### BRIEF
Reproduce, word for word, the lines in the material below starting with the one that has "Spend the day" and going on through the one that has "Großer Glasteller 27cm". Leave out all pictures.

### GIVEN DATA
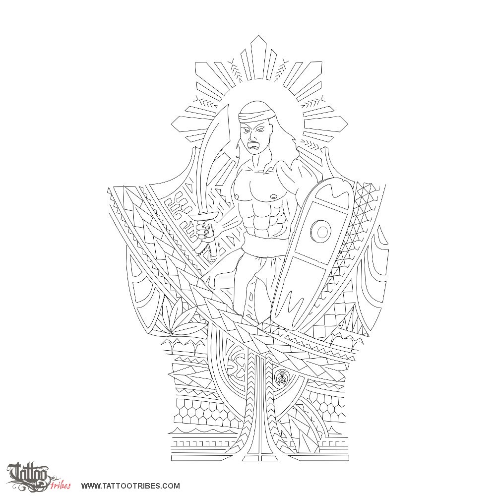 Lapu-Lapu was the first Filipino hero and it is the main subject of this sleeve tattoo requested by Frank to honour his origins and his fighting spirit (he´s a professional rugby player).
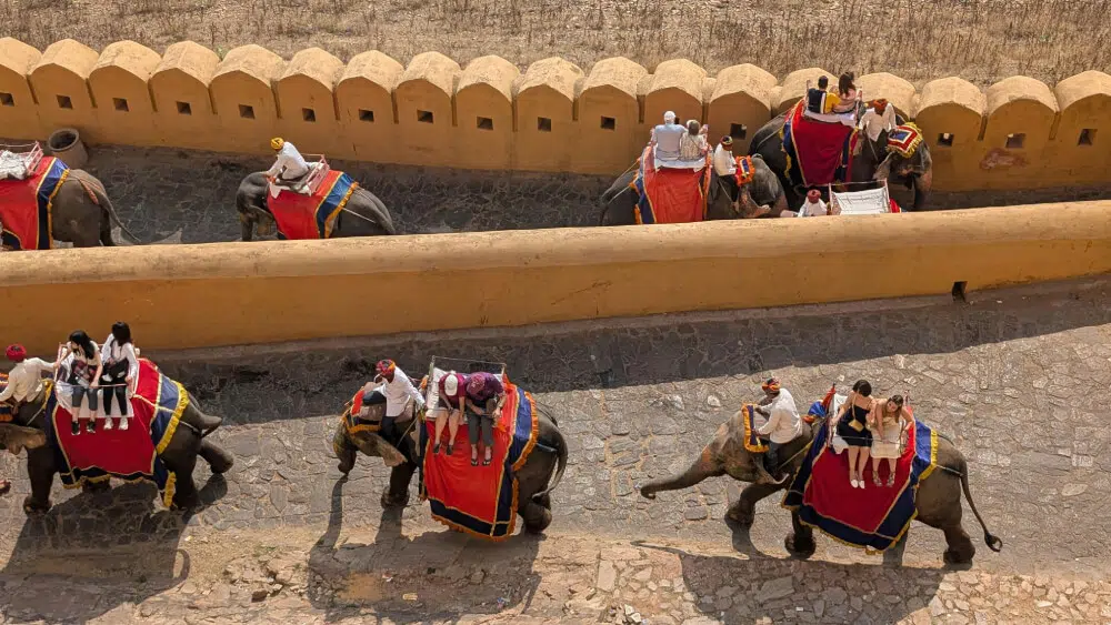 Spend the day exploring Jaipur’s highlights, including the Amber Fort (with optional elephant or jeep ride), Jal Mahal, Hawa Mahal, and the City Palace. Browse local handicrafts at the Carpet & Textile House and visit The Gem Palace for fine jewelry. Overnight stay in Jaipur.
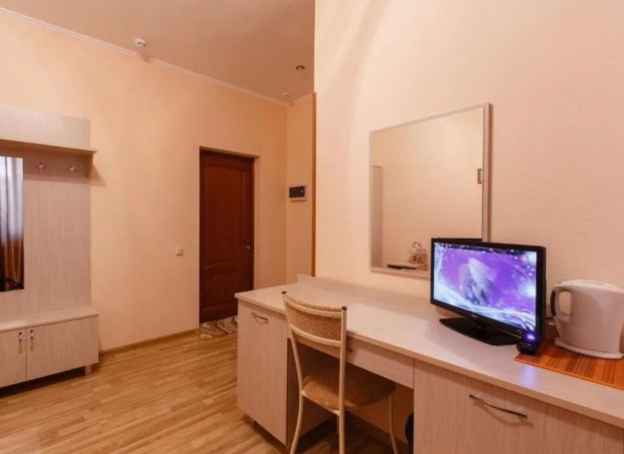 Номер уютно обставлен и оснащён необходимым, чтобы отдохнуть после долгого и насыщенного дня. Имеются телевизор и халат. Оснащение зависит от выбранной категории номера.
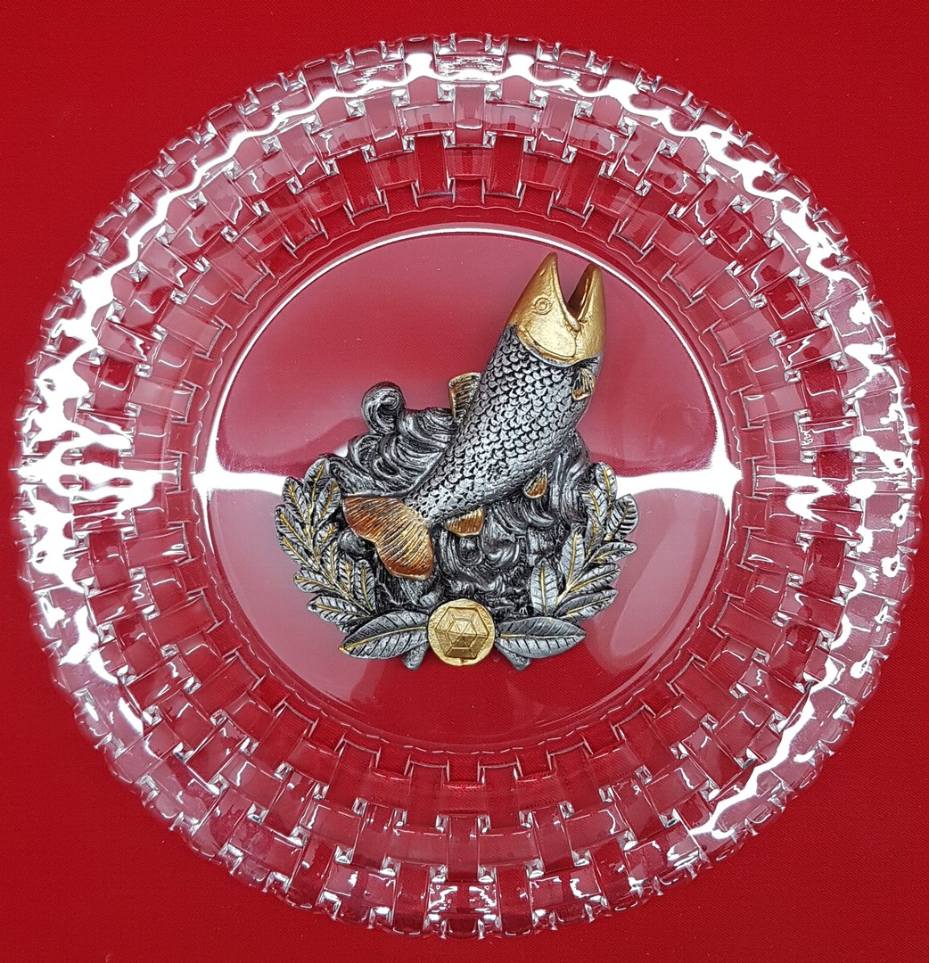 Großer Glasteller 27cm mit Fischfigur-Auflage und Metallständer
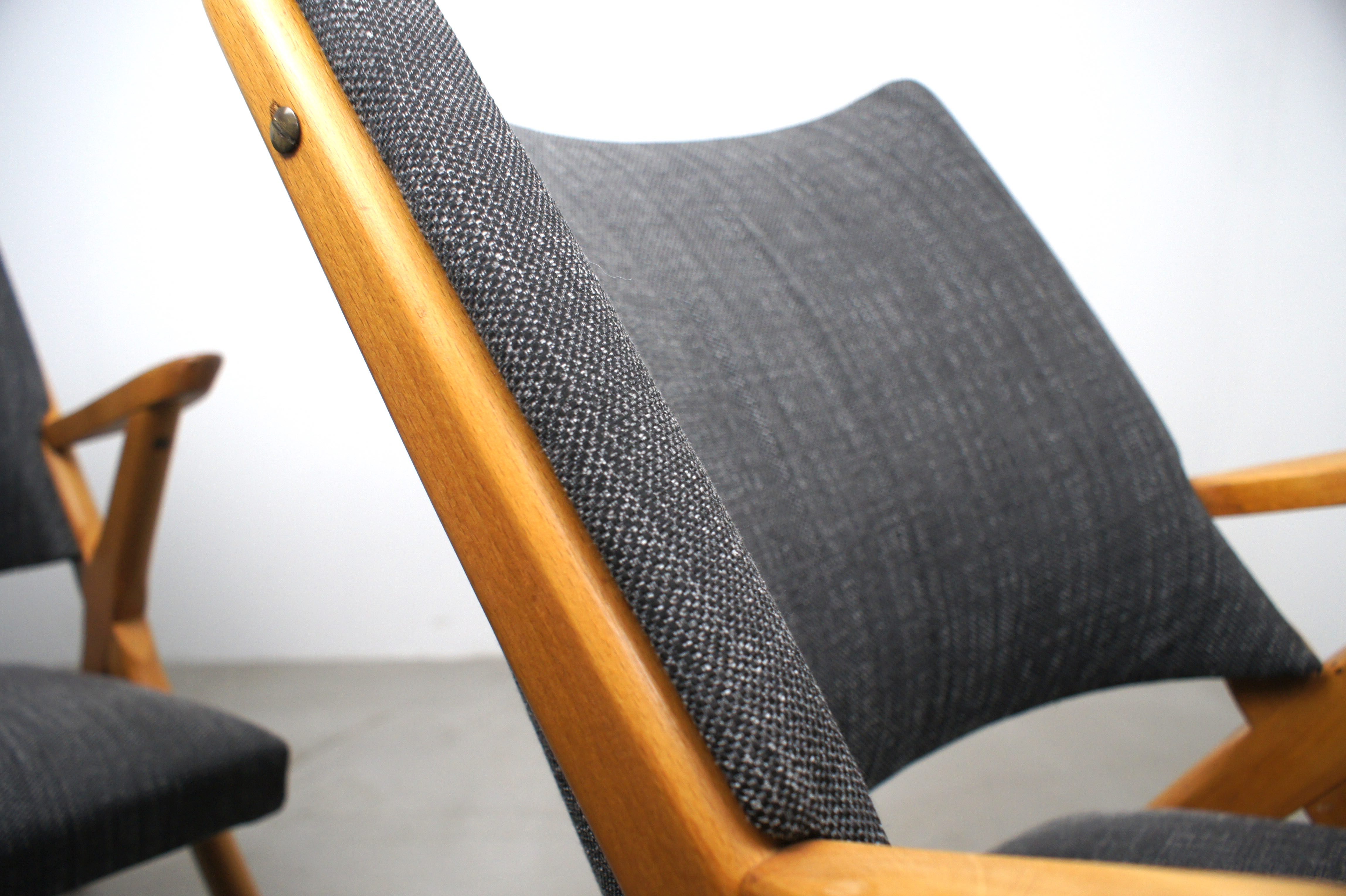 description pair of lounge chair , solid wood frame, brass details, reupholstered

### ANSWER TO THE EXERCISE
 Spend the day exploring Jaipur’s highlights, including the Amber Fort (with optional elephant or jeep ride), Jal Mahal, Hawa Mahal, and the City Palace. Browse local handicrafts at the Carpet & Textile House and visit The Gem Palace for fine jewelry. Overnight stay in Jaipur.
 Номер уютно обставлен и оснащён необходимым, чтобы отдохнуть после долгого и насыщенного дня. Имеются телевизор и халат. Оснащение зависит от выбранной категории номера.
 Großer Glasteller 27cm mit Fischfigur-Auflage und Metallständer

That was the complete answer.